## WHAT YOU HAVE TO DO:
With the pictures removed, write out the full listing below exactly.

+---+

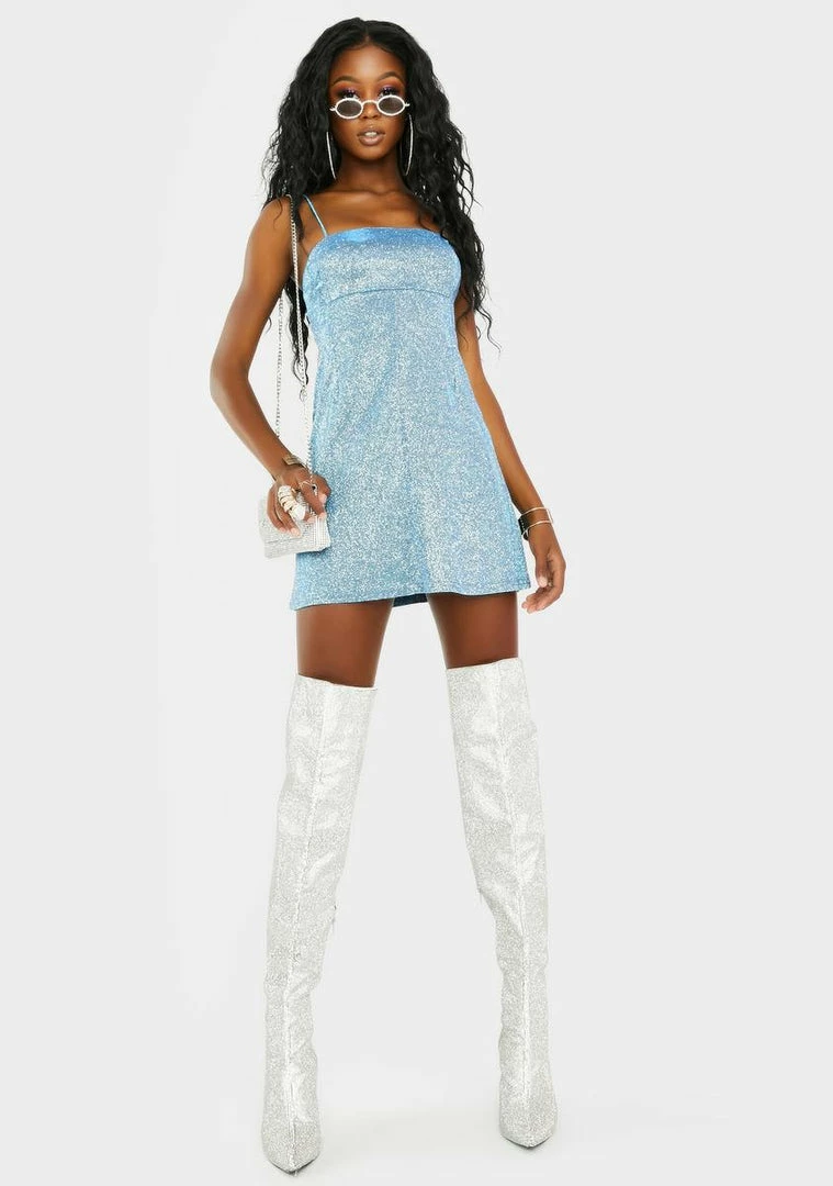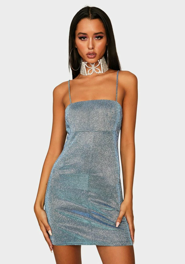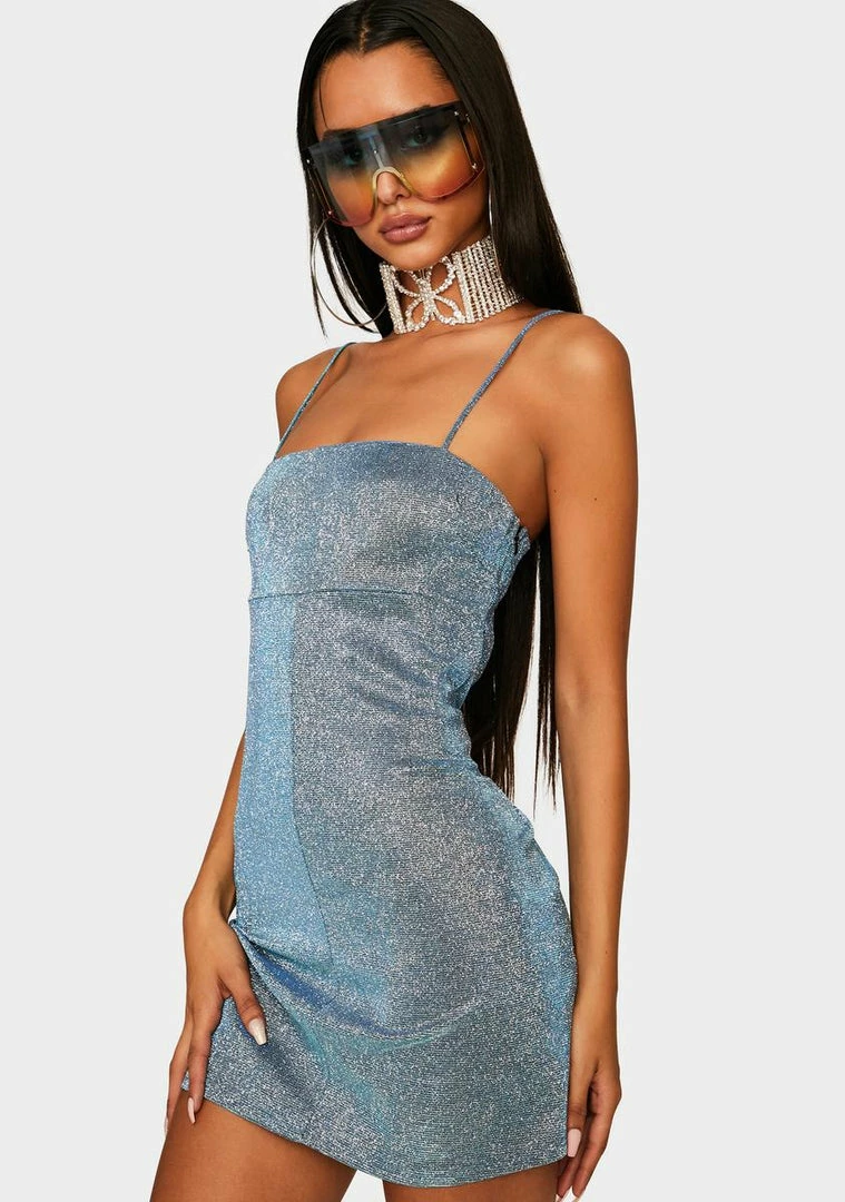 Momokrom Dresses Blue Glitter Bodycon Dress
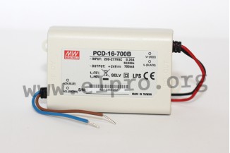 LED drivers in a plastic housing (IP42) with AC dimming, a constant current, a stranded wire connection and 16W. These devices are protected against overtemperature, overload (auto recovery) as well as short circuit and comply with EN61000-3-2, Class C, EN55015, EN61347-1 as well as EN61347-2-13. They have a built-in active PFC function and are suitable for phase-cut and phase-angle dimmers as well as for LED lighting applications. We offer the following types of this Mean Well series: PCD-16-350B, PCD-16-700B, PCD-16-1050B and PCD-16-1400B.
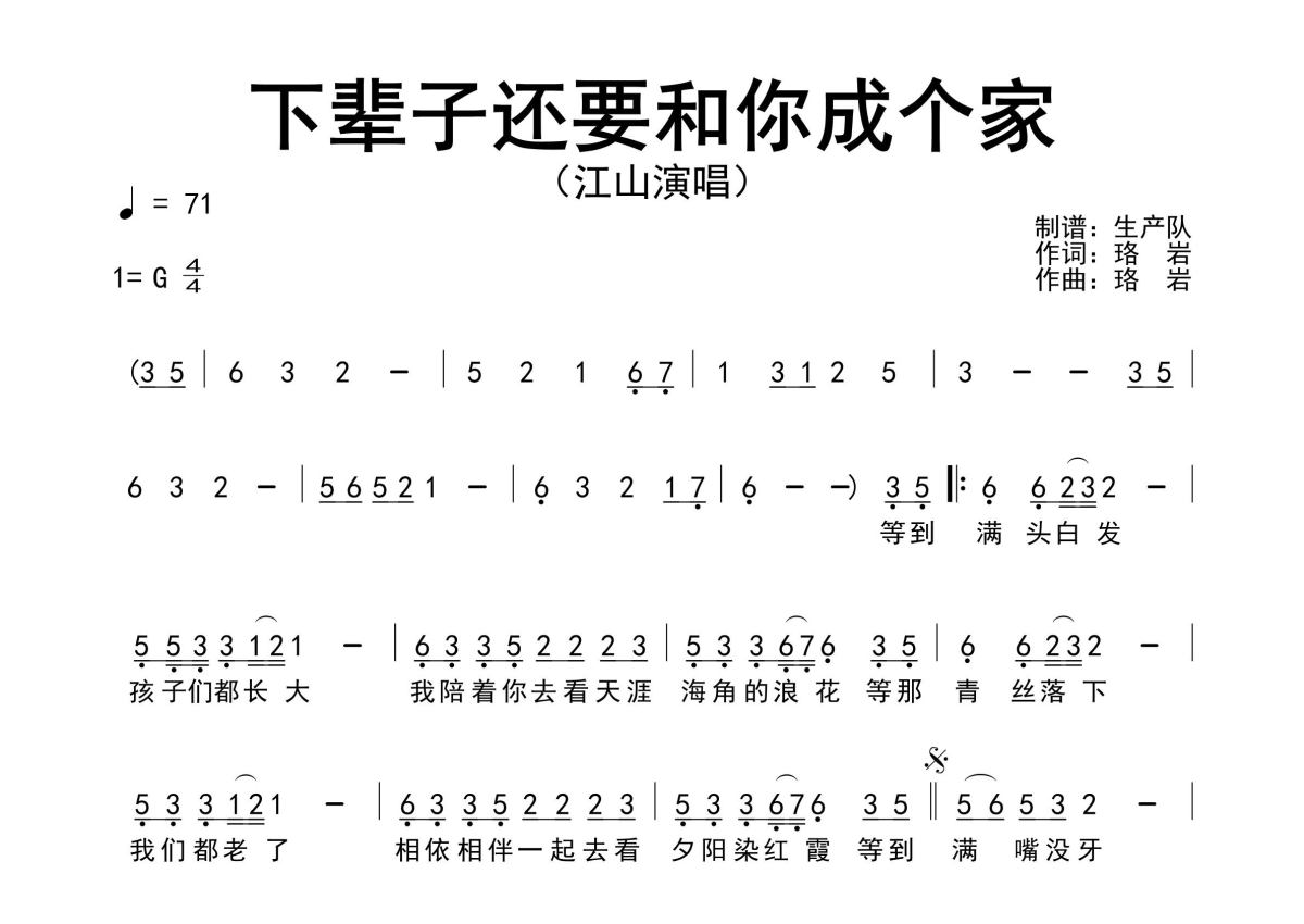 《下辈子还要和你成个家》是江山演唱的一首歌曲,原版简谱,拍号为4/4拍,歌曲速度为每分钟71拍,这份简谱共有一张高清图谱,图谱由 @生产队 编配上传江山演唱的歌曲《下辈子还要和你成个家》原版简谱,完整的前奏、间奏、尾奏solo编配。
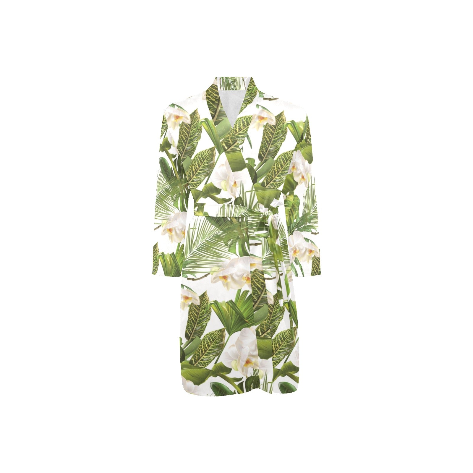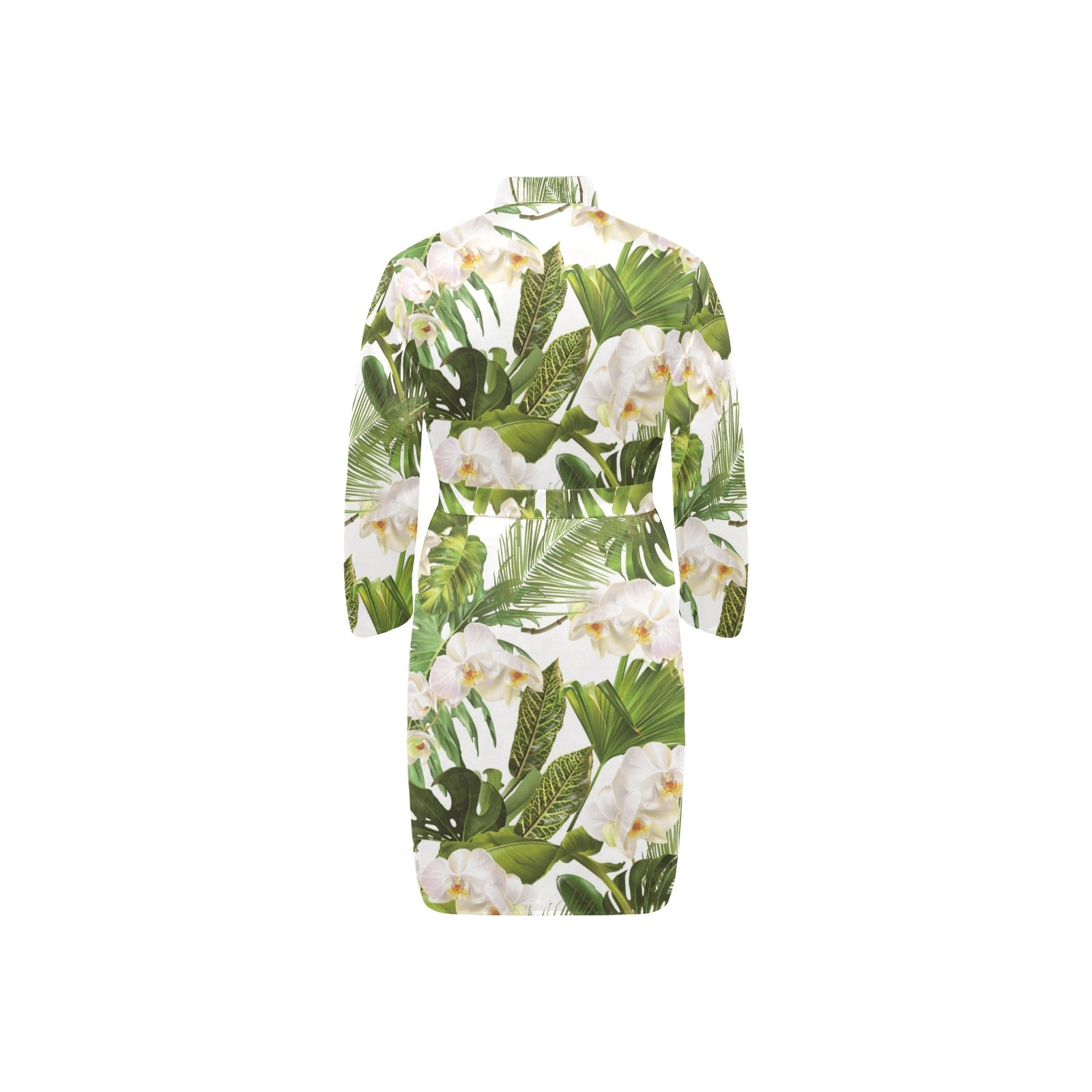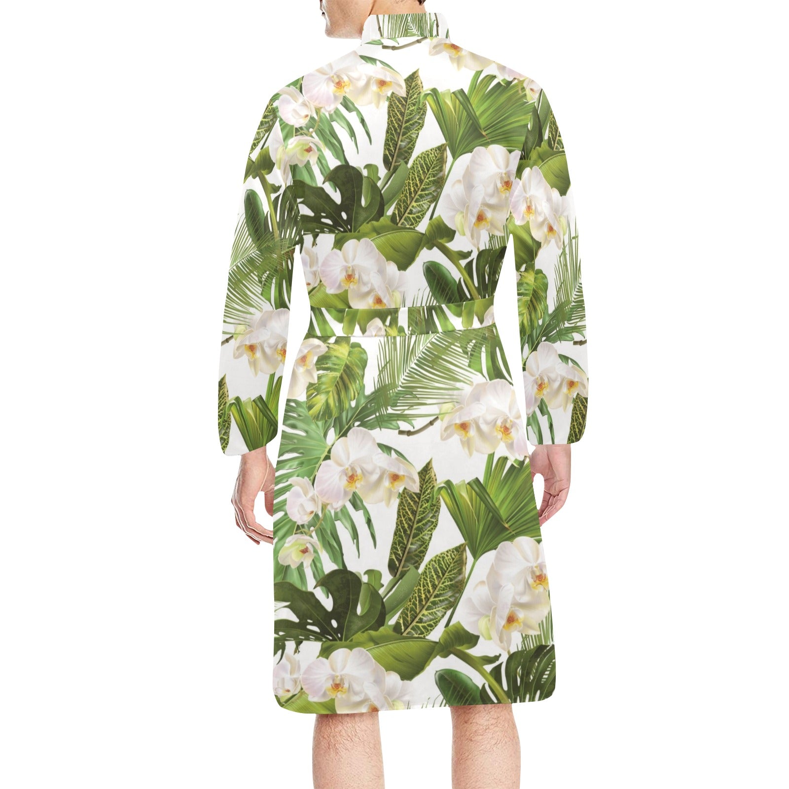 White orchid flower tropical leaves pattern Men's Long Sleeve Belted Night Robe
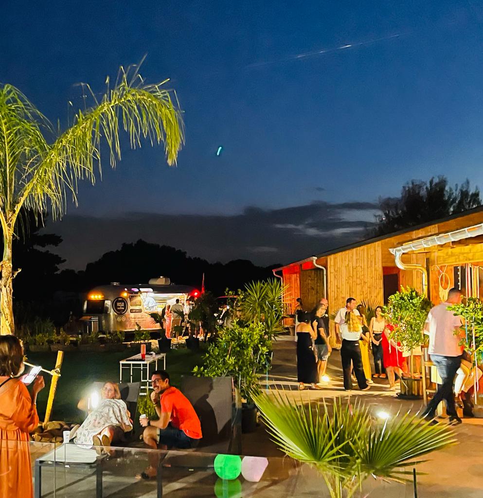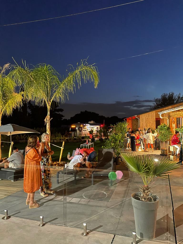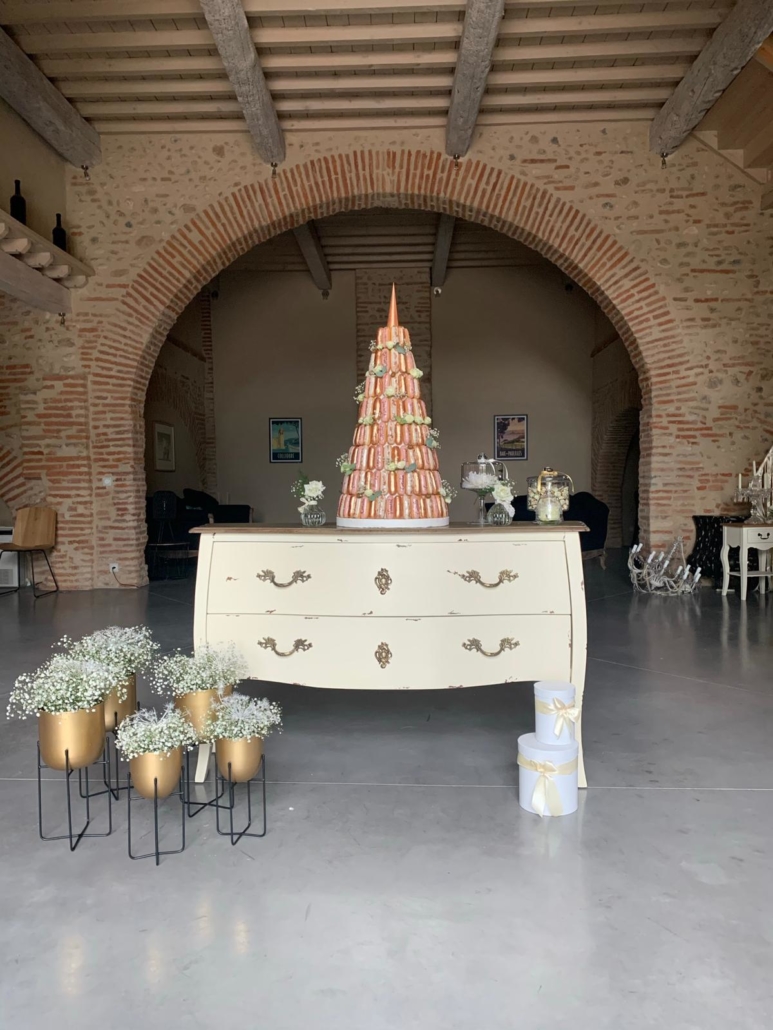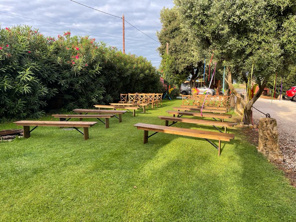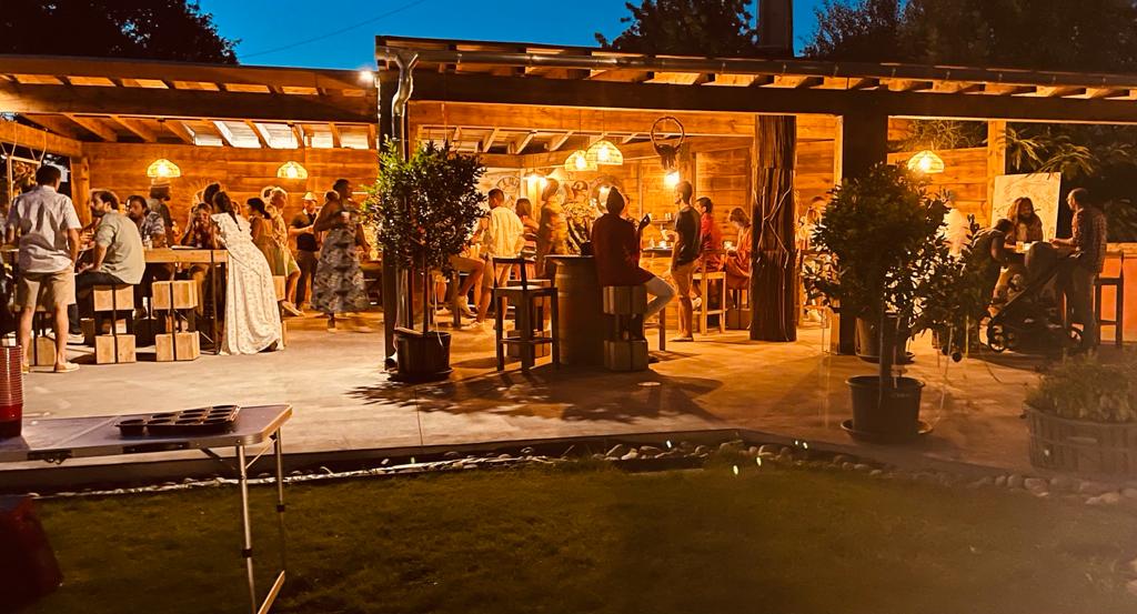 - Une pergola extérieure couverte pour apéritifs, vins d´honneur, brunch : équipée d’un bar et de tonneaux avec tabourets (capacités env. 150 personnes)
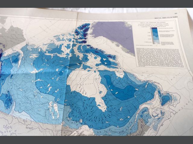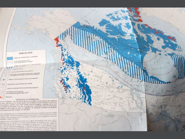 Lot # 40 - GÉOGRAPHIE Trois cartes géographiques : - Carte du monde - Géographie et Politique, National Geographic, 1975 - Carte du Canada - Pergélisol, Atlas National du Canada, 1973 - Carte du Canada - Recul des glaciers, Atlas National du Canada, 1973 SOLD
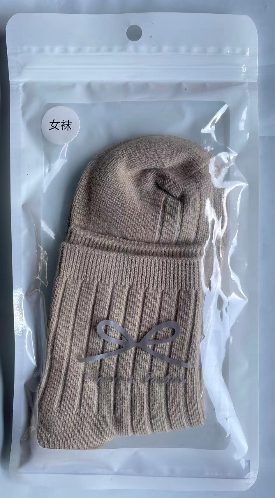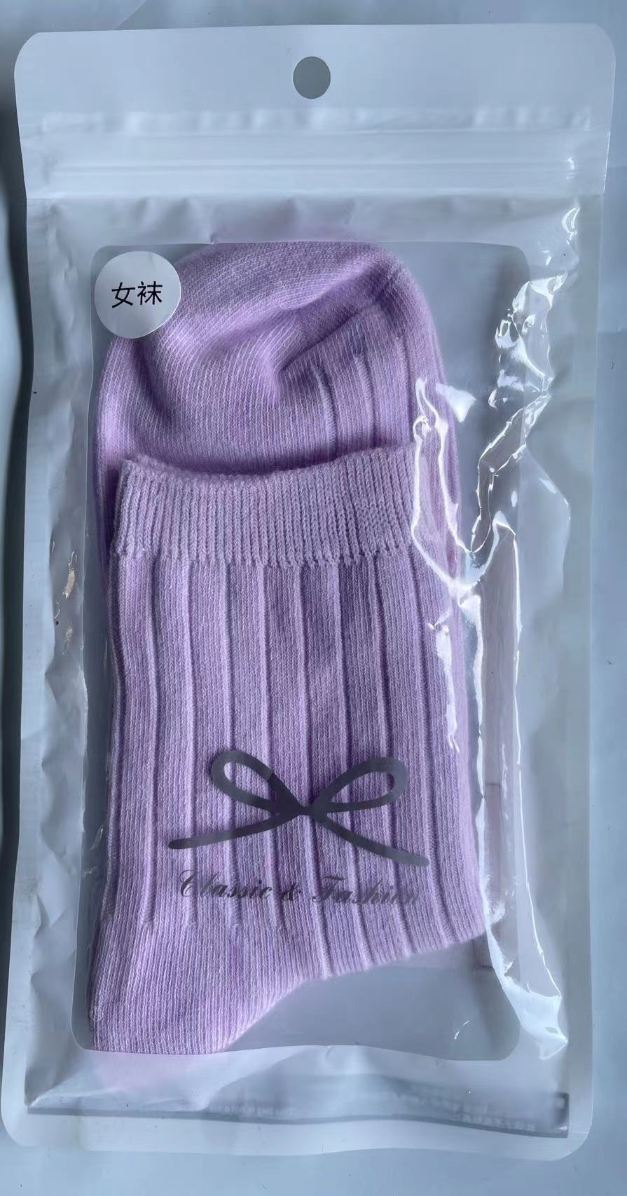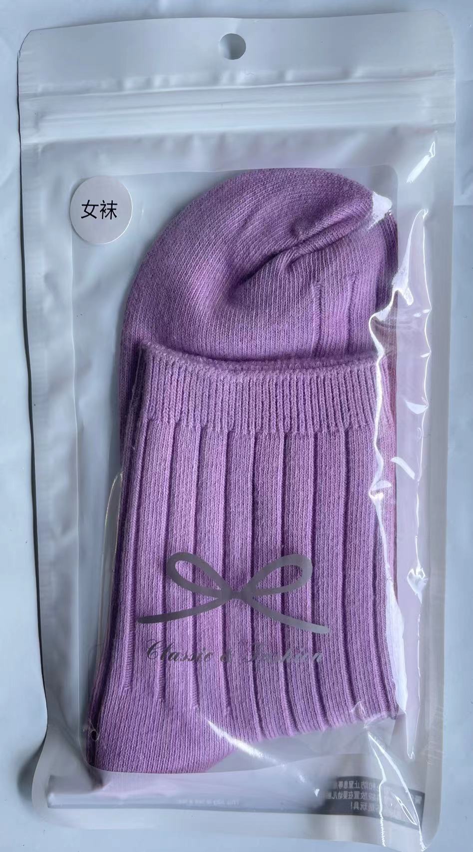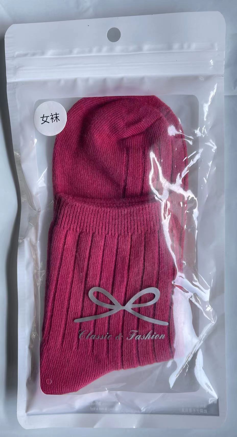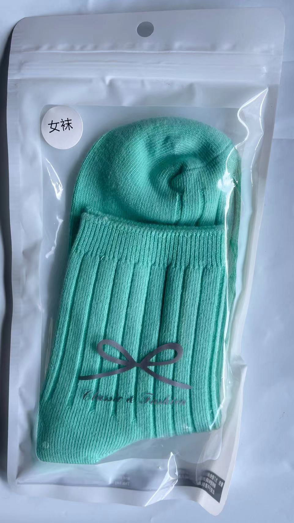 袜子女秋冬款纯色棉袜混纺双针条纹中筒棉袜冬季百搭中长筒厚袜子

+---+

## EXERCISE OUTPUT:
 Momokrom Dresses Blue Glitter Bodycon Dress
 LED drivers in a plastic housing (IP42) with AC dimming, a constant current, a stranded wire connection and 16W. These devices are protected against overtemperature, overload (auto recovery) as well as short circuit and comply with EN61000-3-2, Class C, EN55015, EN61347-1 as well as EN61347-2-13. They have a built-in active PFC function and are suitable for phase-cut and phase-angle dimmers as well as for LED lighting applications. We offer the following types of this Mean Well series: PCD-16-350B, PCD-16-700B, PCD-16-1050B and PCD-16-1400B.
 《下辈子还要和你成个家》是江山演唱的一首歌曲,原版简谱,拍号为4/4拍,歌曲速度为每分钟71拍,这份简谱共有一张高清图谱,图谱由 @生产队 编配上传江山演唱的歌曲《下辈子还要和你成个家》原版简谱,完整的前奏、间奏、尾奏solo编配。
 White orchid flower tropical leaves pattern Men's Long Sleeve Belted Night Robe
 - Une pergola extérieure couverte pour apéritifs, vins d´honneur, brunch : équipée d’un bar et de tonneaux avec tabourets (capacités env. 150 personnes)
 Lot # 40 - GÉOGRAPHIE Trois cartes géographiques : - Carte du monde - Géographie et Politique, National Geographic, 1975 - Carte du Canada - Pergélisol, Atlas National du Canada, 1973 - Carte du Canada - Recul des glaciers, Atlas National du Canada, 1973 SOLD
 袜子女秋冬款纯色棉袜混纺双针条纹中筒棉袜冬季百搭中长筒厚袜子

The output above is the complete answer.